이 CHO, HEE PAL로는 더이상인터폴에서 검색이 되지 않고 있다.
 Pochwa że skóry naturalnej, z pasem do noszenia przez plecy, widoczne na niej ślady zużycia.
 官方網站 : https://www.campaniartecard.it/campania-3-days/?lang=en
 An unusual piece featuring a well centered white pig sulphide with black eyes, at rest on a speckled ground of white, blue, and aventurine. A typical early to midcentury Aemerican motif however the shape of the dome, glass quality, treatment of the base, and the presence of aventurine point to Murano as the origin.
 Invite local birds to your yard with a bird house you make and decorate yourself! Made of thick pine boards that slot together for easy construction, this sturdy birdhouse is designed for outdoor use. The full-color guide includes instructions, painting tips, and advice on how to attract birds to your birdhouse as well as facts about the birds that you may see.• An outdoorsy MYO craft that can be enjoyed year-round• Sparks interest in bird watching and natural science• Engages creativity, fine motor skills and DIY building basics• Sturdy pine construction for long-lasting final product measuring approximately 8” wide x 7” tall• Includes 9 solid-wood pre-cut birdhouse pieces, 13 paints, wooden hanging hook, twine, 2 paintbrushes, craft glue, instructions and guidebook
...
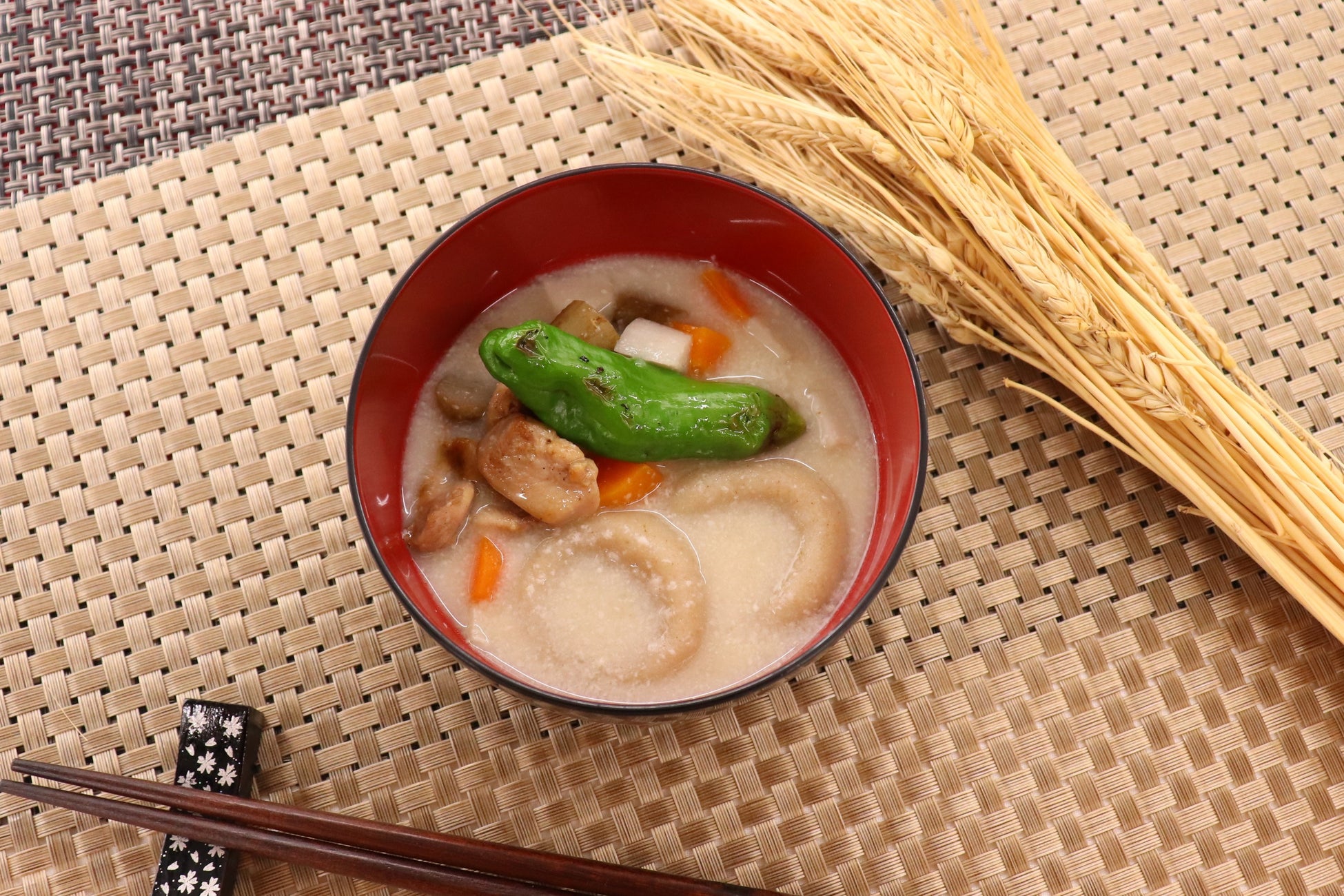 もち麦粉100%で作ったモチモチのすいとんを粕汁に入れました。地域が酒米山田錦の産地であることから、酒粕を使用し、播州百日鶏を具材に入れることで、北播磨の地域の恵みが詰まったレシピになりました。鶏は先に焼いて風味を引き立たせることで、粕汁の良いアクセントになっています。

• Required work
If a line in the entries includes the word "well", copy that line out.

• Exercise output
 An unusual piece featuring a well centered white pig sulphide with black eyes, at rest on a speckled ground of white, blue, and aventurine. A typical early to midcentury Aemerican motif however the shape of the dome, glass quality, treatment of the base, and the presence of aventurine point to Murano as the origin.
 Invite local birds to your yard with a bird house you make and decorate yourself! Made of thick pine boards that slot together for easy construction, this sturdy birdhouse is designed for outdoor use. The full-color guide includes instructions, painting tips, and advice on how to attract birds to your birdhouse as well as facts about the birds that you may see.• An outdoorsy MYO craft that can be enjoyed year-round• Sparks interest in bird watching and natural science• Engages creativity, fine motor skills and DIY building basics• Sturdy pine construction for long-lasting final product measuring approximately 8” wide x 7” tall• Includes 9 solid-wood pre-cut birdhouse pieces, 13 paints, wooden hanging hook, twine, 2 paintbrushes, craft glue, instructions and guidebook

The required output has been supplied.